I have nothing bad to say about my grade school. It was a fine institution, a fine faculty, a fine experience which probably shaped my life in some way. I feel less obligated to heap praise upon such an expensive school which my parents had a hard time paying for. I mean, we paid our money, the product has been delivered, I am free to do with it as I will.

Whatever the case about nostalgic heuristics I spotted something in the grade school newsletter today that made me laugh, and if my chuckles were disdainful then I apologize to all involved but the matter was just too vapidly pitiful for me to let pass.

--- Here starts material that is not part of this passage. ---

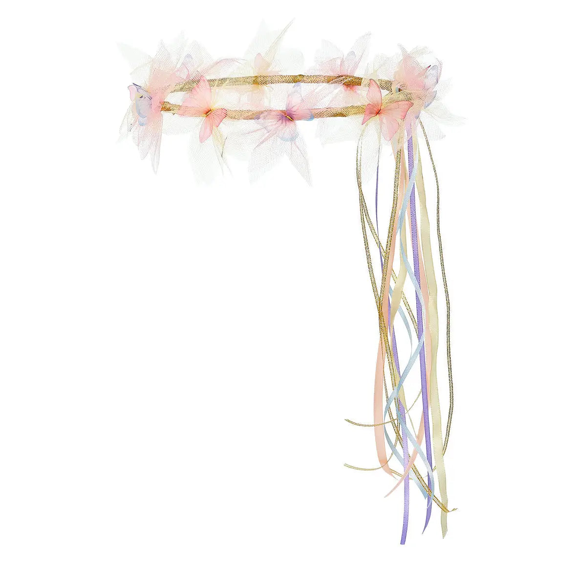 The Joanna Halo is a magical and sparkly accessory that’s perfect for any fairy, princess, or butterfly in training! This beautiful headband features a circle of glittery butterflies that look like they’re flying right above your head, just like a real fairy halo. It’s super comfy to wear, with a soft, flexible band that stays in place without pinching or sliding.
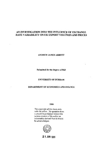 An investigation into the influence of exchange rate variability on UK export volumes and prices.

It seems my grade school has established an Athletic Hall Of Fame for its storied 8th Grade sports heroes. An acquaintance from my graduating class was recently inducted into this storied pantheon of outstanding grade school athletes from that school. Induction is followed by ceremonied (apparently attended by nothing but family members of the inductee) and speeches by the grade school ahtlete thus ordained.

This sort of thing makes mes want ot be a serial murderer. I have no thrist for bloodshed or homicide but I wish sometimes that these pithy accolades heaped by grade schools onto their eternally grade schooled alumni were tempered by a sourness, by a darkness, by comments that inevitably reveal a pathos behind the facade of self-congratulatory sycophantry the infects nostalgia which intrudes upon the sincerity of memory.

I read about the comments offered by this Hall Of Fame Athlete. He claimed that the hours and weeks and months and years spent on the basketball court and in the football fields made him a better man in the years to come. He made salutatory comments regarding other classmates of the time, and that is where my sudden desire to be a serial murderer arose. I wanted those comments of his to be tempered by the reality that all was not golden in those days, all was not as the happy faces of fabricated serenity would have us think both then and now. No, there was a darkness among us. As we cleansed our unfilthy souls with humanistic athletic endeavor the clouds of no mercy gathered over others among us, knowing then as ever that he would one day fall to infamy at the hands of his unquenchable anger, his sociopathic monstrosities. While we hit softballs and congratulated ourselves for breaking records of the day another among us was planning to take us all down, to demeen our reputations and our resolve with cherry-topped filth.